Addressing the media after the surgery, Dr Pradhan said, “Deep brain stimulation (DBS) is a surgery to implant a device that sends electrical signals to brain areas which are responsible for body movement.”

Neurosurgeon Dr Sanjay Behari explained, “The electrodes are placed deep in the brain and are connected to a stimulator. Similar to a pacemaker, a neurostimulator uses electric pulses to regulate brain activity. This transmitter is placed inside the body. It has two types of batteries -- one is rechargeable and works for 25 years, while the other is one-time chargeable with a shelf life of three years.”

He said this surgery reduce symptoms such as tremors, slowness, stiffness and walking problems caused by Parkinson’s disease along with reducing the need for medication and improving one’s quality of life.

Surgeon Arun Srivastava said that DBS did not damage brain tissues. “So, if a better treatment option is available in future, the DBS procedure can be reversed,” he said.

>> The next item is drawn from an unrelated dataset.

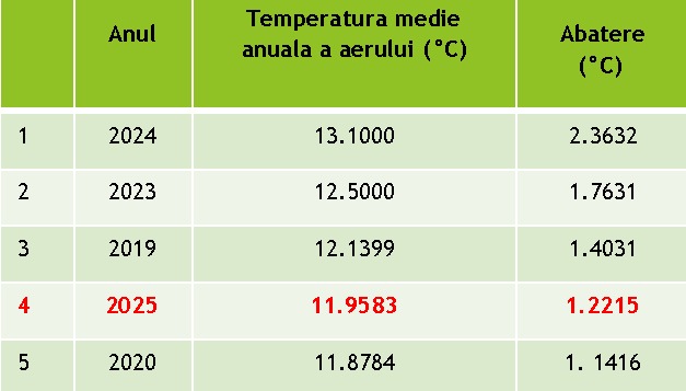 Datele Administrației Naționale de Meteorologie indică faptul că anul 2025 a fost caracterizat de fenomene meteorologice extreme, inclusiv caniculă, secetă severă și precipitații intense, confirmând o tendință accelerată de încălzire și o variabilitate crescută a vremii. Anul 2025 a fost al patrulea cel mai cald din perioada 1901-prezent, cu o temperatură medie anuală de 11,95°C, înregistrând o abatere pozitivă de +1,22°C față de media din perioada 1991-2020.

Dr Milind Debgaonkar explained further, “Depending on the symptoms, electrodes are placed in a specific area of the brain through small holes made at the top of the skull. The electrodes are connected by long wires that travel under the skin and down the neck to a battery-powered pacemaker under the skin of the chest. When turned on, the stimulator sends electrical pulses to block the faulty nerve signals causing tremors, rigidity and other symptoms.The neurostimulator is placed under the skin of the chest, below the collarbone, or in the abdomen.”

Apart from these doctors, Dr Pawan, Dr Ved Prakash, Dr KK Das, Dr Ruchika Tandon, anaesthesia expert Dr Devendra Gupta and Dr Atul Sonkar of transfusion medicine were a part of the team that conducted the procedure.